RECORDS SHOWN START

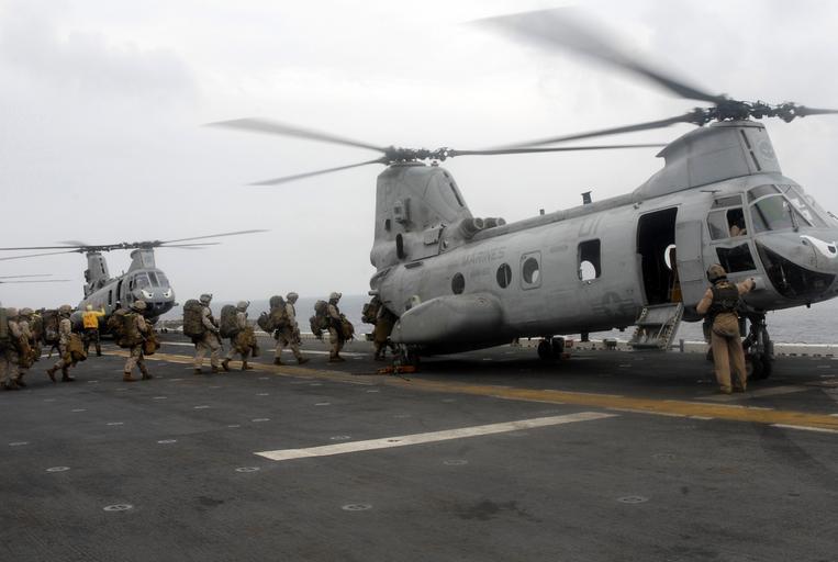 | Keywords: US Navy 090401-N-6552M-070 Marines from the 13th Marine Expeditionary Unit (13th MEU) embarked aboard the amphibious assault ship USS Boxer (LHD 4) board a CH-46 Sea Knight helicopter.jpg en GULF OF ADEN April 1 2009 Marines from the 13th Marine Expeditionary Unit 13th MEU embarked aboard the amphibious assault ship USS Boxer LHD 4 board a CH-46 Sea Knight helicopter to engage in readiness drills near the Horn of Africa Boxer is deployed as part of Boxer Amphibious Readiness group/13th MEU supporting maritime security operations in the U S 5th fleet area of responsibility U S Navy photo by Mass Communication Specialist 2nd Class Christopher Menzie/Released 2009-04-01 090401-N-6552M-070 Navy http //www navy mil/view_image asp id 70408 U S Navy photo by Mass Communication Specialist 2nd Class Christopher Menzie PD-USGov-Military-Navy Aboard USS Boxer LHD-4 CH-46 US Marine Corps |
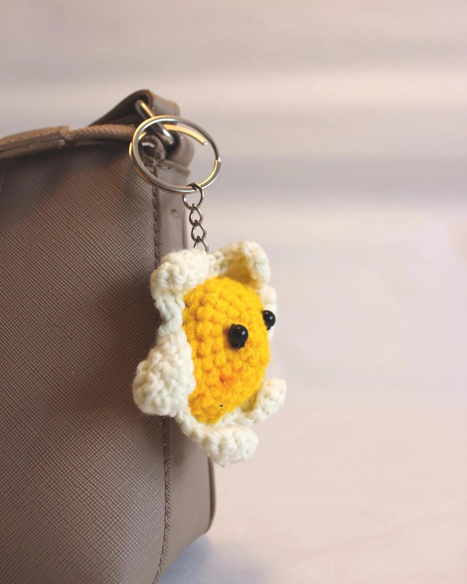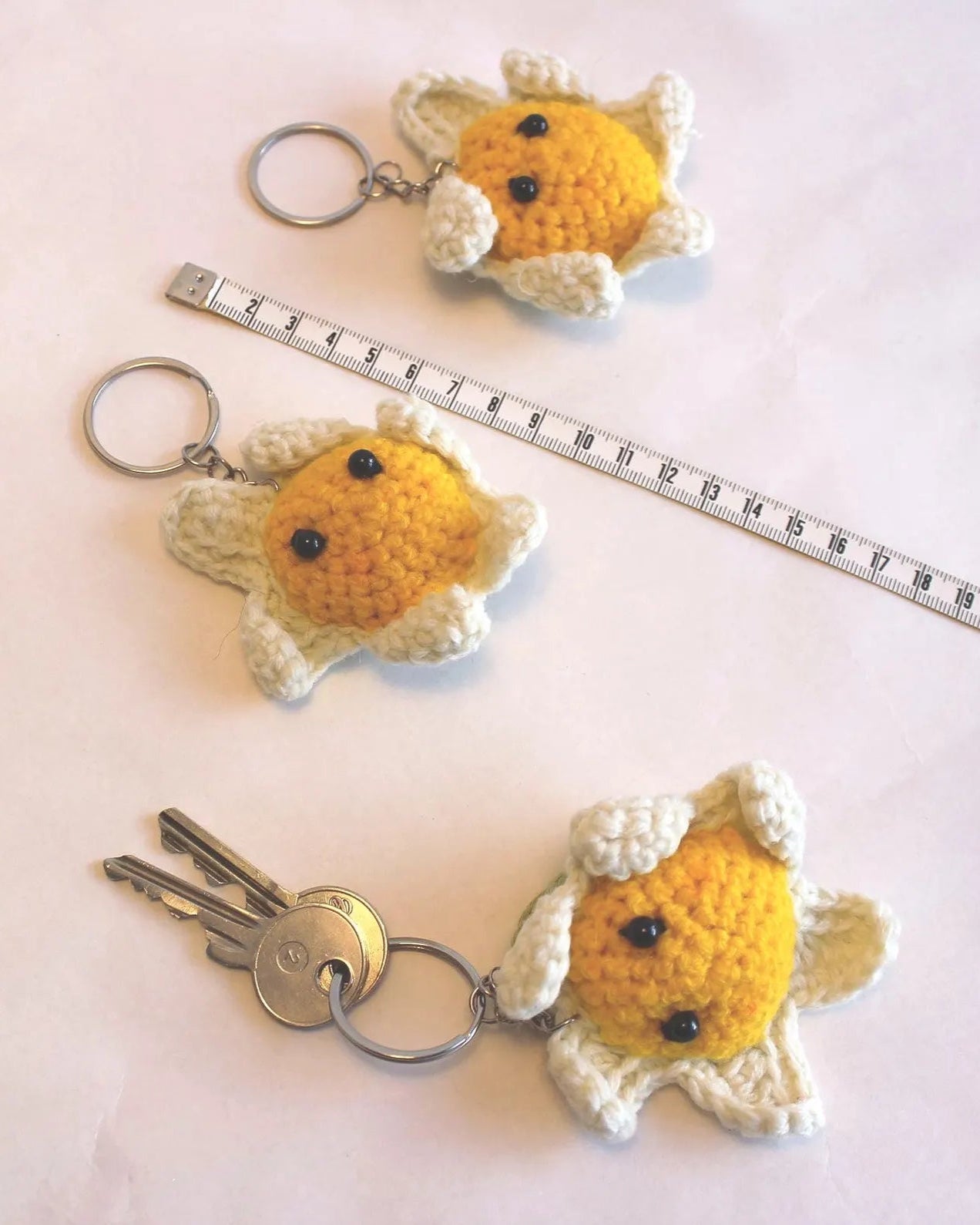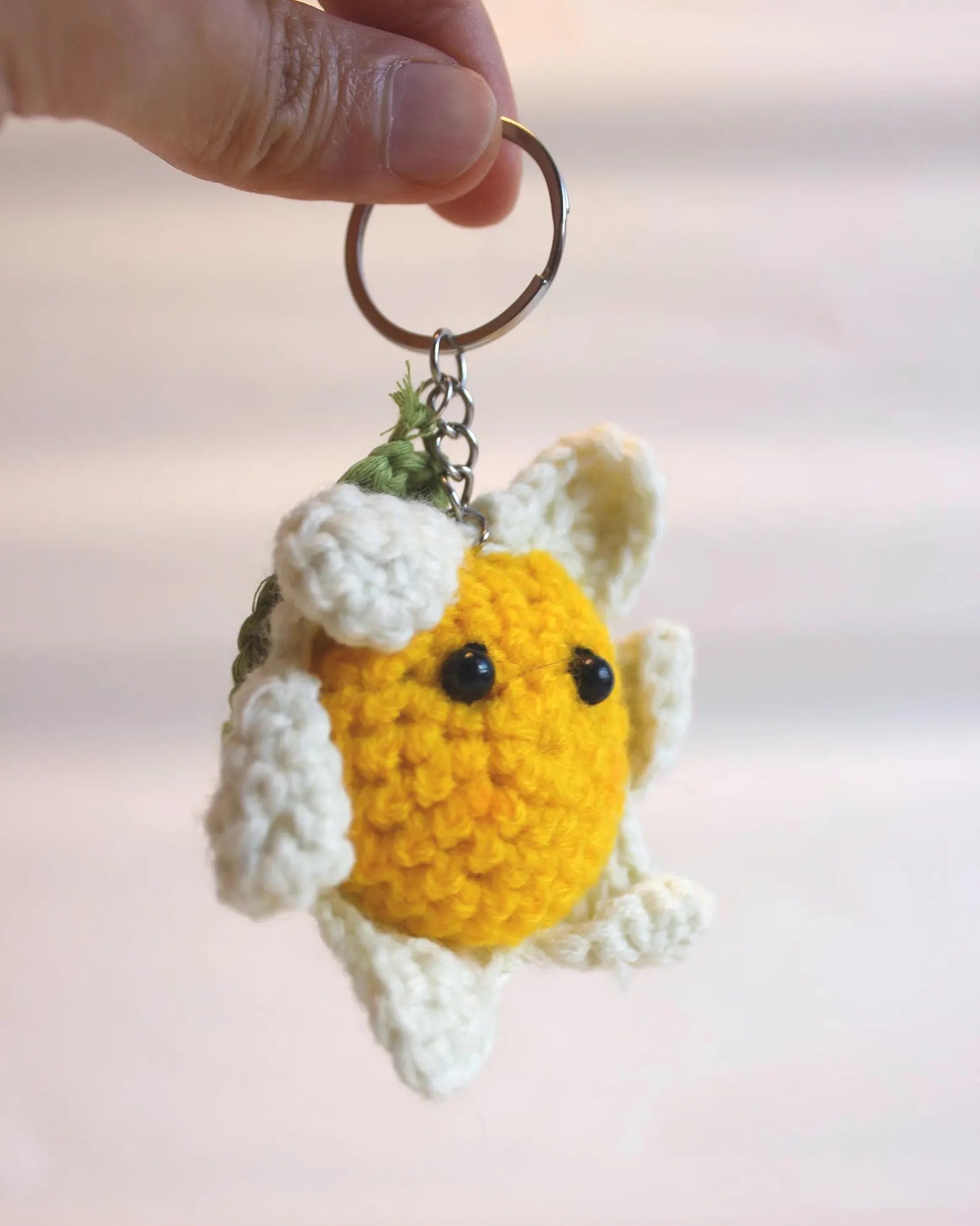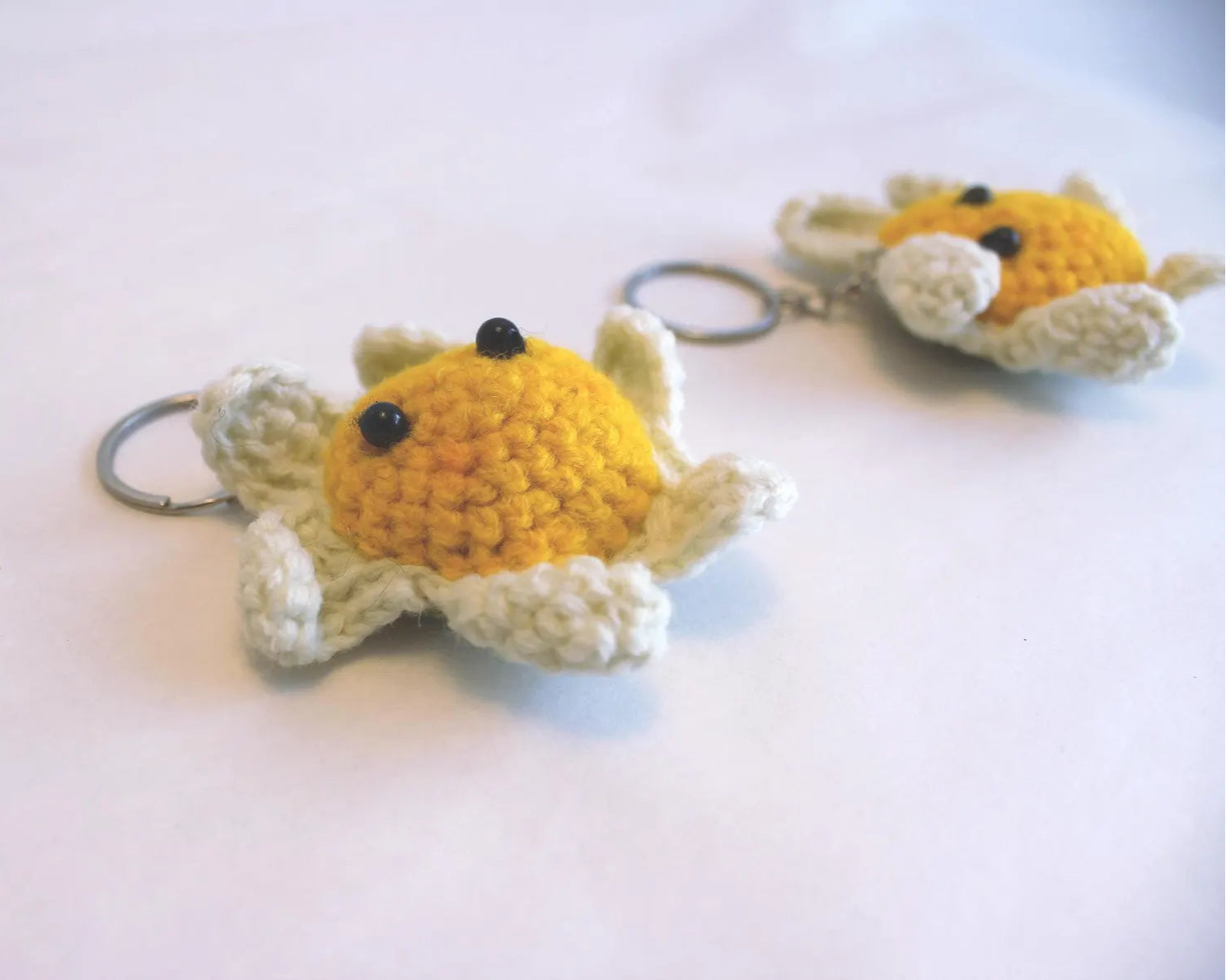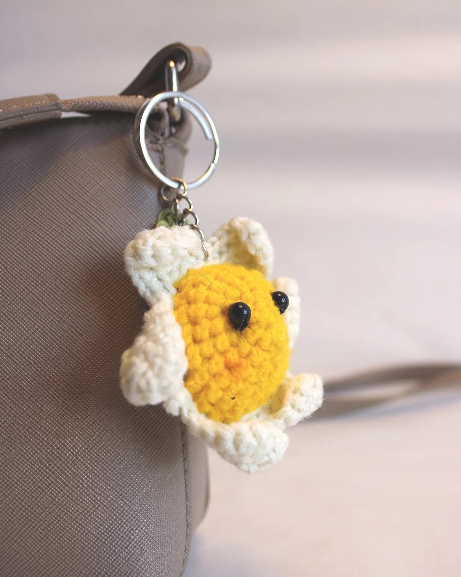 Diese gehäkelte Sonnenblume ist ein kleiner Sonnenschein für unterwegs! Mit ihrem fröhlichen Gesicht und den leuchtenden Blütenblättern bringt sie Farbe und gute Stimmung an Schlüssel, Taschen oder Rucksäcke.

RECORDS SHOWN END
RECORDS SHOWN START

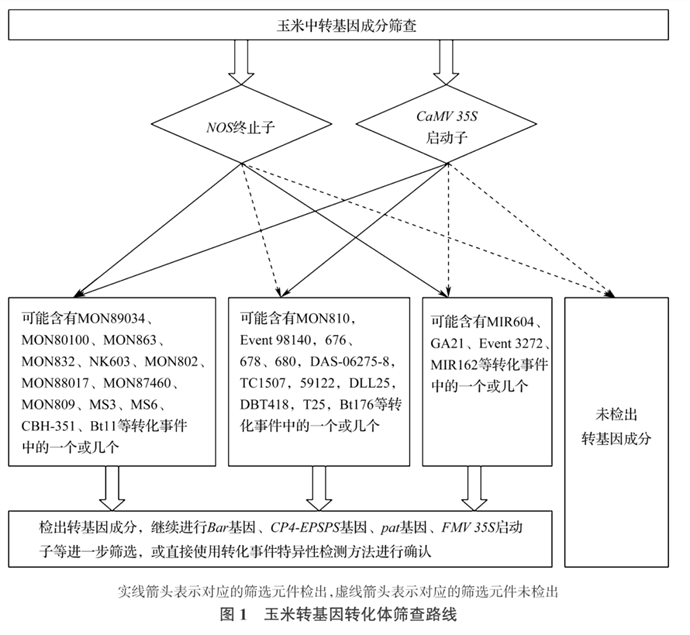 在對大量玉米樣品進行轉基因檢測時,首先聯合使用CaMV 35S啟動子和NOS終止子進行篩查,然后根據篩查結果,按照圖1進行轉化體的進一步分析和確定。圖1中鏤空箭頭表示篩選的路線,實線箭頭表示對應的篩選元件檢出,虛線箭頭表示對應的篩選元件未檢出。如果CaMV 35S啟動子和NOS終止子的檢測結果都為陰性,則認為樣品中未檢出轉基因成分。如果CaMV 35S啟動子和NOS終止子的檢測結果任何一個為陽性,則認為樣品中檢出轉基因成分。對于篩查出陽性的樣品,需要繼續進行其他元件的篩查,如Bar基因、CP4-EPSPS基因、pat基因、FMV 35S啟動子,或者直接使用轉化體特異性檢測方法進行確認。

RECORDS SHOWN END

TASK ITEM: An exact transcription is needed of the lines from the one with "Marine Corps |" to the one with "Diese gehäkelte Sonnenblume" above, both ends included, with pictures left out.

WRITTEN ANSWER:
 | Keywords: US Navy 090401-N-6552M-070 Marines from the 13th Marine Expeditionary Unit (13th MEU) embarked aboard the amphibious assault ship USS Boxer (LHD 4) board a CH-46 Sea Knight helicopter.jpg en GULF OF ADEN April 1 2009 Marines from the 13th Marine Expeditionary Unit 13th MEU embarked aboard the amphibious assault ship USS Boxer LHD 4 board a CH-46 Sea Knight helicopter to engage in readiness drills near the Horn of Africa Boxer is deployed as part of Boxer Amphibious Readiness group/13th MEU supporting maritime security operations in the U S 5th fleet area of responsibility U S Navy photo by Mass Communication Specialist 2nd Class Christopher Menzie/Released 2009-04-01 090401-N-6552M-070 Navy http //www navy mil/view_image asp id 70408 U S Navy photo by Mass Communication Specialist 2nd Class Christopher Menzie PD-USGov-Military-Navy Aboard USS Boxer LHD-4 CH-46 US Marine Corps |
 Diese gehäkelte Sonnenblume ist ein kleiner Sonnenschein für unterwegs! Mit ihrem fröhlichen Gesicht und den leuchtenden Blütenblättern bringt sie Farbe und gute Stimmung an Schlüssel, Taschen oder Rucksäcke.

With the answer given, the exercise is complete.